The typical customer purchase journey can see buyers engaging with brands across several different touchpoints. For example, this might include an initial online search, followed by a visit to a business branch to test the product, followed by a phone call to check details.
The goal for many brands is to harmonise that omnichannel ecosystem so customers gain a more consistent and personal experience.
This is not a simple puzzle to solve, but brands must crack it to meet modern-day customer service expectations. It’s also necessary if brands want to optimise and enrich their experiences.
Brands are increasingly developing a measurement toolkit that will provide a more holistic and less siloed view of their operations. This is requiring them to weave together various sources of online and offline information, including call tracking, footfall and online data.
The utility of call tracking
Call tracking insights help brands to identify where they should divert resources in order to best cater to customer needs. This was particularly apparent during the pandemic, when companies could no longer welcome customers into stores.

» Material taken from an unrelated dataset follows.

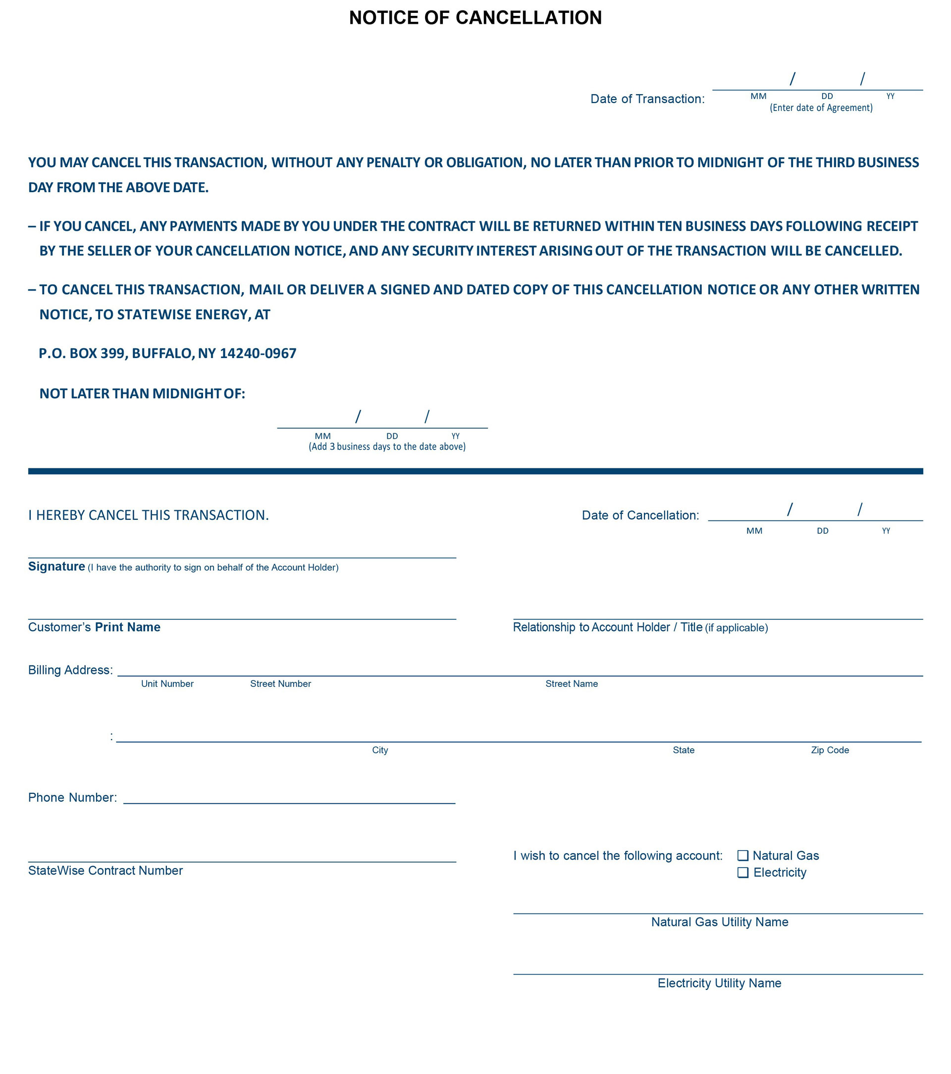 9. Cancellation Provision. Regardless of the Price You chose, You are liable for all StateWise charges until You return to the Utility default service or You switch to another supplier. You may cancel the Agreement(s), at no cost, at any time before midnight of the third business day after receiving a copy of the Agreement(s) by contacting StateWise (see Section 17). If You plan to move to another location, You may transfer this Agreement by notifying StateWise (see Section 17), of Your new Service Address at least forty-five (45) days in advance of the anticipated relocation date. Upon receipt of such notice, StateWise will use reasonable commercial efforts to continue the Program contemplated by the Agreement(s) for the remaining Term of the Agreement(s) at the new Service Address. Your Utility may provide to StateWise a notification of a change of address within Your Utility supply service and, when StateWise receives such notice, it will use reasonable commercial efforts to continue the Program contemplated by the Agreement(s) for the remaining Term of the Agreement(s) at the new Service Address. Otherwise, the Agreement(s) shall be automatically cancelled. You also agree to notify StateWise in writing of any other change of information (including a change of account number, contact information or mailing address) at least sixty (60) days prior to such change taking effect or immediately if the change is to take effect in less than sixty (60) days. If You move from one location to another, a final bill will be rendered after the final scheduled meter reading. However, if a final meter reading is unavailable, an estimate of consumption will be used in the final bill, which will be trued-up subsequent to the final meter reading. The cancellation will become effective on a date determined by Your Utility. If a new provider is not selected, cancellation of the Agreement(s) shall return You to Your Utility supply service. If StateWise seeks to cancel the Agreement(s), StateWise will send You advance written notice within forty-five (45) days. Reasons for cancellation may include but are not limited to:

For example, when the government changed its guidelines on the specific holiday destinations people could and could not visit, travel companies needed to know how best to respond.
By analysing their phone call data with call tracking, companies could see that the volume of calls they were experiencing had increased, so they could increase contact centre staffing levels accordingly. Crucially, this measurement data also helped those companies understand why people were likely to be calling at any given time – whether to book trips, get the latest advice or seek reassurances about travel arrangements.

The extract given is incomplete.